Cowok itu menggeleng dengan ekspresi gelisah. "Lebih baik kita tidak masuk ke sana, Alice. Perasaanku tidak enak."

Aku membungkuk, bertumpu pada lututku sementara mengatur napas dan mencerna ucapan Oliver, kemudian menegakkan tubuh. "Apa maksudmu? Dia pasti disuruh oleh si pembunuh untuk mengawasi kita. Jika kita menangkapnya, kita bisa memaksanya mengatakan sesuatu."

"Aku tahu, tapi ini terasa terlalu gampang. Bagaimana jika--"

"Baiklah," potongku tidak sabar. Oliver selalu terlalu banyak berpikir. Terkadang itu bagus, tapi di waktu-waktu tertentu kau harus bisa berpikir cepat dan mengambil tindakan, atau kau akan kehilangan momennya. "Kau tetap di sini sementara aku akan memeriksa ke dalam. Jika aku tidak keluar dalam waktu sepuluh menit, kau bisa mencari bantuan."

Aku mulai berlari menuju rumah tersebut, tapi Oliver dengan cepat menyusulku dan mensejajarkan langkahnya denganku seraya berkata, "Kau gila? Bagaimana bisa aku membiarkanmu masuk seorang diri? Kita akan masuk bersama-sama."
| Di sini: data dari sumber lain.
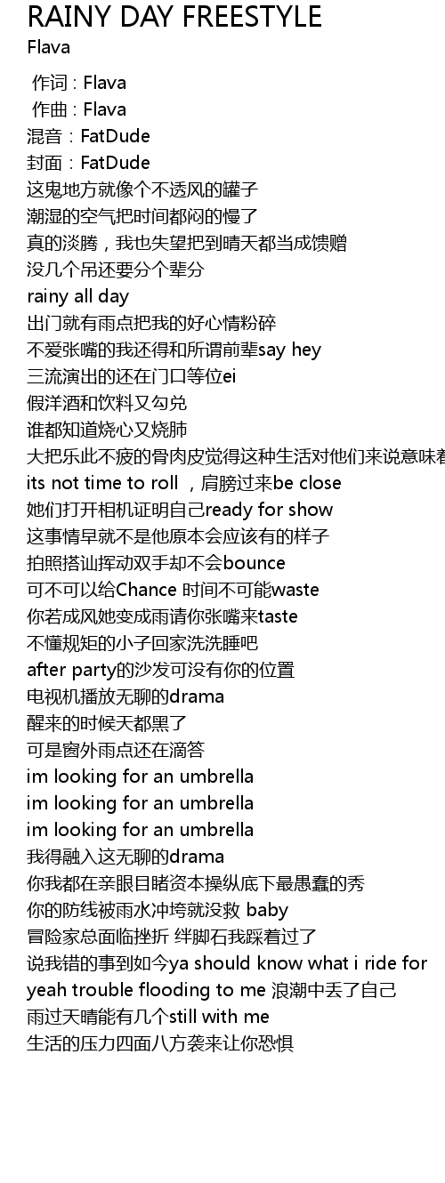 | [00:00.000] | 作词 : Flava |

Rumah yang kami masuki hanya terdiri dari satu lantai, serta ditinggalkan dalam keadaan rapi. Semua perabotnya ditutupi kain putih dan masih terletak di tempatnya masing-masing. Kami segera memeriksa dua kamar yang ada di situ tapi tidak ada siapa pun di sana. Ketika memeriksa halaman belakang, kami menemukan jejak kaki yang mengarah ke tembok setinggi pinggang yang membatasi rumah tersebut dengan tanah kosong yang ditumbuhi rumput liar di belakangnya.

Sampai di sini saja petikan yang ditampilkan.